In extradition proceedings, courts consider only the crime — not the ‘criminal’
Back in Grace Harbor Church…
And then there are those “victims” who lie, or experience a sudden religious conversion, to tease out an advantage in a domestic dispute. Paul McArthur has been pastor of Grace Harbor for three decades. It’s a job that often involves him intimately in family crises — including domestic violence. He parses the truth every day in his role as a counselor, and he doesn’t believe Indea Ford is posing. He and church secretary Betty Jo Moore (a former city paralegal who’s been helping assemble Ford’s defense and tracking her voluminous paperwork) have been writing letters and communicating with Alaska’s congressional delegation since last summer*. Their faith in Ford is absolute — it’s the legal systems of the United States and the United Kingdom which they find troubling.
“The more details that you learn of this story,” says McArthur. “Every one of them makes it even more of an amazing thing that such a thing should be happening in two countries sophisticated enough to understand basic justice.”
Ford has never been able to present the evidence of her or her children’s abuse to a judge in the United States. As far as federal courts are concerned, she must return to face the charges in the UK.
A humanitarian appeal before the US Secretary of State
The only way to escape extradition now is to appeal to US Secretary of State Rex Tillerson, the first person with power over Ford’s future who can fully weigh her story. If Tillerson denies the appeal, and Ford is extradited to stand trial, her girls will remain in the US with her husband Kenny — whom she met at a Toby Keith concert in 2014, and around whom she has rebuilt her family. Grace and Ava are thriving in their new life in Sitka — a life Ford wants for them, even if she can’t have it for herself.
“I have had more support in Sitka in this very short time than I’ve had my whole life, where I’ve been anywhere else. And this place feels like home, and my children’s home. My children are so happy here, and the difference in them is amazing. They’ve gone from timid, scared children that were just terrified of everything, to happy, outgoing, confident girls. The difference is just astounding. It’s truly astounding.”
Ford’s residency status if she’s extradited is uncertain. Attorneys I consulted say that under the Trump administration, immigration is a wild card. The only certainty is that Ford will do anything in her power to keep her daughters away from the man who she claims abused them.
“Because as a parent, that’s your main goal is to keep your children safe and happy at all times,” she says, holding back tears. “That should be the goal of any parent.”
Indea Ford surrendered to federal marshals on January 8, and remains in custody at the Hiland Mountain Correctional Center in Eagle River.
*Note: McArthur and Moore report that Alaska’s congressional offices are sympathetic, but unhelpful.
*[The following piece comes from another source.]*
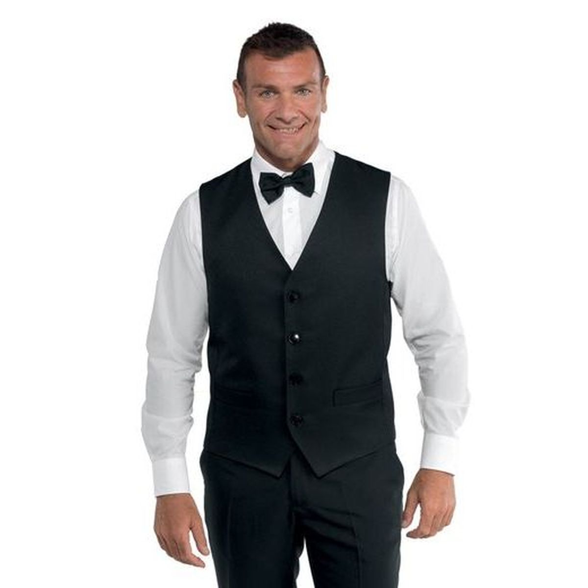 - Gilet classico da cameriere, foderato, modello unisex, - piccola martingala con fibbia posteriore per migliore regolazione e vestibilità, - abbottonatura con bottone semplice in tinta, - in tessuto antimacchia e non-stiro, poliestere 100%, peso 145 gr/mq, - colore murano 01 (sfondo nero con ro...

As a rule, Congress does not interfere with the functions of the Judiciary. KCAW confirmed this position with Sen. Dan Sullivan’s office. An aide directed us to the senator’s website, which states that due to the separation of powers “I cannot assist or intervene in any way with legal actions, including both civil and criminal matters.”
Update 3-13-18: This story was amended in 6 places to clarify that the assertions made by Indea Ford about the abuses she and her daughters allegedly suffered are a part of the factual record of her defense, in a Motion to Deny Request for Extradition prepared by the Assistant Federal Defender for the District of Alaska. One photo caption has been amended to include information about Ford’s effort to legally emigrate.